A further key pre-existing component of the platform is Archetype (Brookes et al. 2015; Stokes et al. 2016), for deeply structured annotations to enable the exploration, study and communication of palaeographical and art-historical content; it is already being used in completed projects including DigiPal, Models of Authority and Exon Domesday.

The 'default' Archetype home page before customisation.

Archetype applied to the Exon Domesday book showing occurrences of the 'gallows mark' (Exon 2018: Search > Graphs > Gallows Mark)

Archetype used in the Models of Authority project to show images of a given title (‘marescallus’) in the charters (Models of Authority > Search > People > ‘Marescallus’)

Archetype used in the Exon Domesday project to display the text, transcription and translation of the book (Exon Domesday > Browse Text and Translation).

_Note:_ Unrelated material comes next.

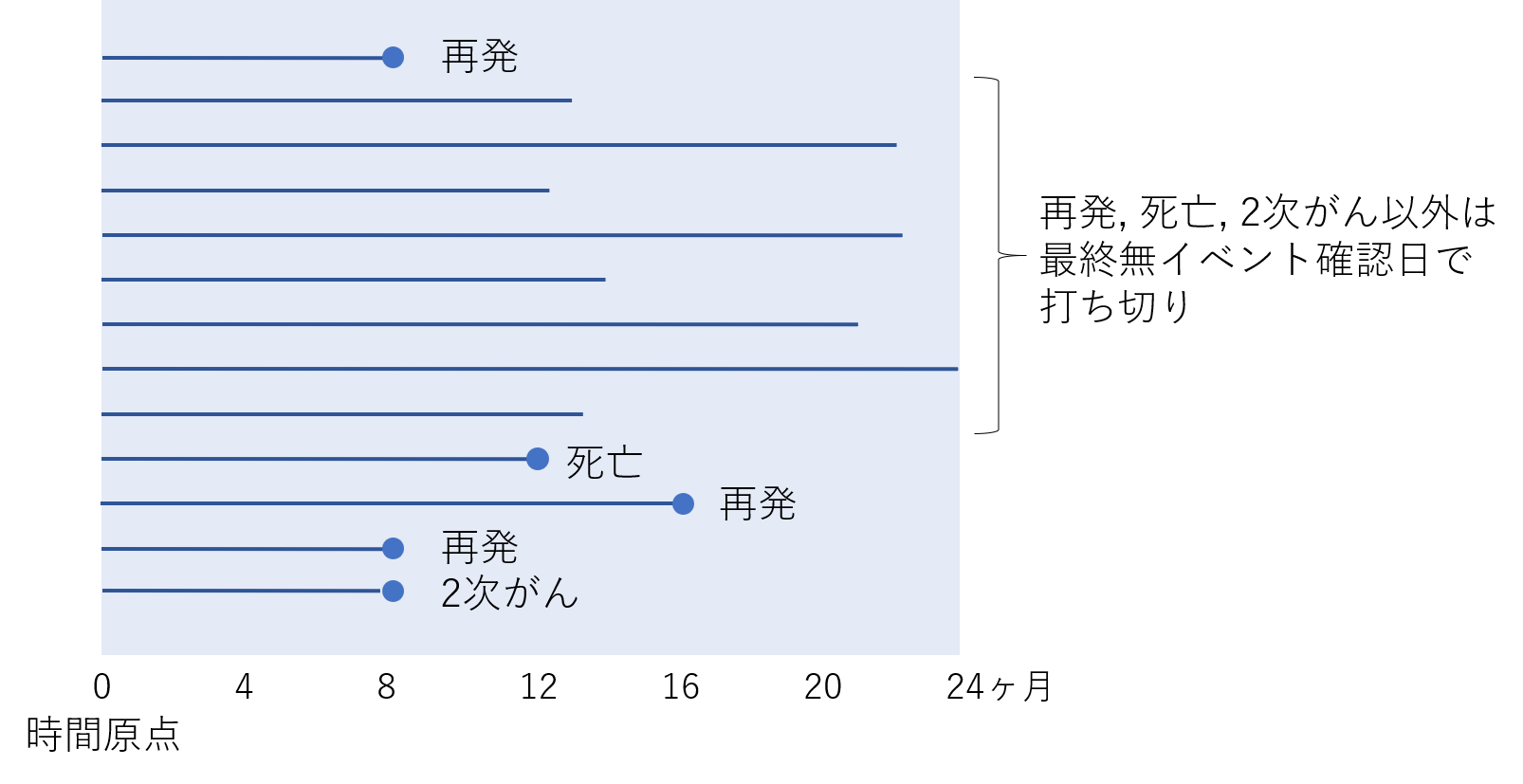 お父さん「RFSでは、イベントは死亡と再発のするのが普通。つまり二次がんはイベントに含めない。無再発期間だったらイベントは再発だけ。図をみたら、イメージしやすくなるかな」

Other important components to be added include linking to external services such as those provided by D
ivaServices (Würsch, Liwicki and Ingold [n.d.]). These are to be complemented with an ergonomic interface for manual transcription and data-entry for different types of digital and printed editions, as well as translations, commentaries, and linguistic analyses. This component will again comprise a dialogue between manual linguistic annotation such as POS tagging for the preparation of training data with Pandora (Kestemont [n.d.]), and a module for post-correction using Pyrrha (Clérice et al. [n.d.]). The resulting texts will be disseminated through TEI Publisher or similar.

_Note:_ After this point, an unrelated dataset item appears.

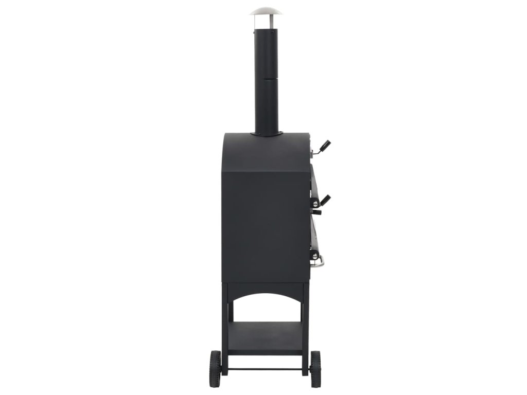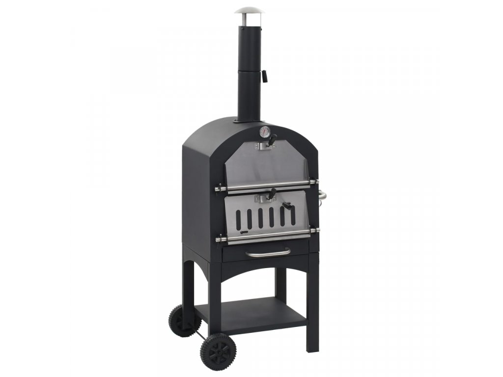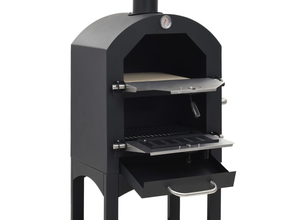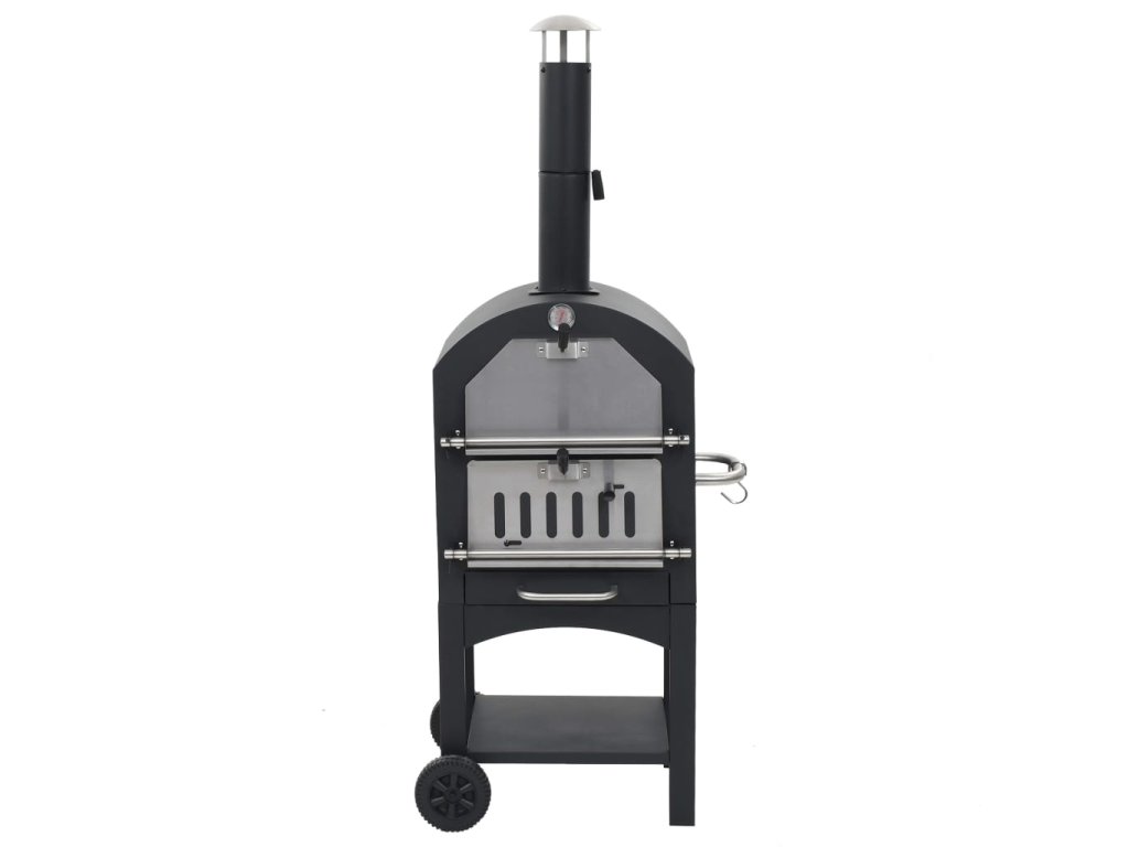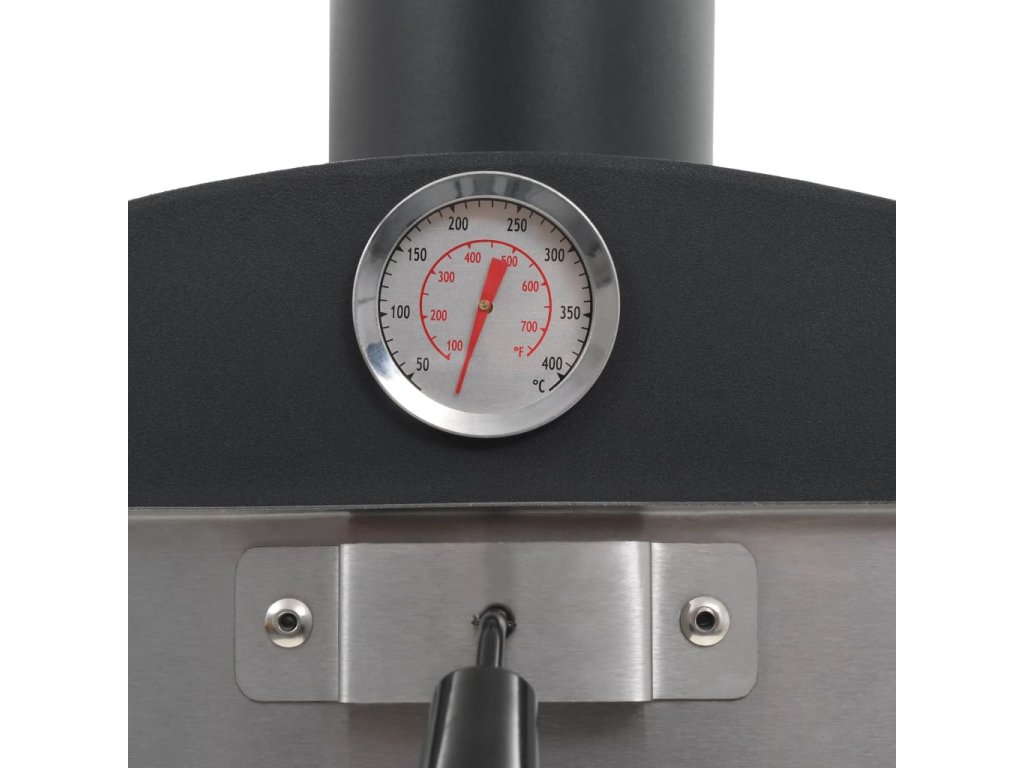 Pec je vyrobena z vysoce kvalitní oceli s práškovým nástřikem a je vysoce odolná a bytelná. Rošt můžete vytáhnout, takže jej lze snadno a rychle vyčistit. Praktická polička pod pecí dobře poslouží jako odkládací prostor na rukavice a další potřeby. Součástí pece je i vestavěný teploměr, který ukazuje teplotu uvnitř pece. Díky dvěma kolečkům můžete pec bez obtíží přesouvat. Součástí balení je i pizza kámen.

The Pyrrha interface for post-correction of automatic annotation

The Digital Mishnah (under development), built on TEI Publisher

A further element is deep or allographic transcription, combining Archetype and Kraken with the interface already described. This will facilitate the production of facsimile editions and also training the computer for automatic transcription, alignment of existing texts with images, wordspotting, and text-image searches of the sort encouraged by Archetype (for examples see Figure 3 and Stokes et al. 2016). This combination of quantitative and qualitative approaches will also allow, for instance, the clustering of letters in a manuscript based on deep annotation, or analysing the distribution of allographs throughout an inscription or corpus. This becomes particularly powerful when combined with databases of manuscripts that are dated, geolocalised and/or written by the same scribe, such as Medium and Pinakes which are also planned for integration.
As well as problems around internationalisation and the many conventions and needs of such a broad project, another challenge here is how and to what degree these different components can be combined given their different data-models, purposes and assumptions. A Conceptual Reference Model is therefore being developed which will constitute a further important output of this project, based on the Biblissima ontology (an extension of FRBRoo) and CRMtex (Gehrke et al. 2015; Felicetti and Murano 2017; Murano and Felicetti 2017).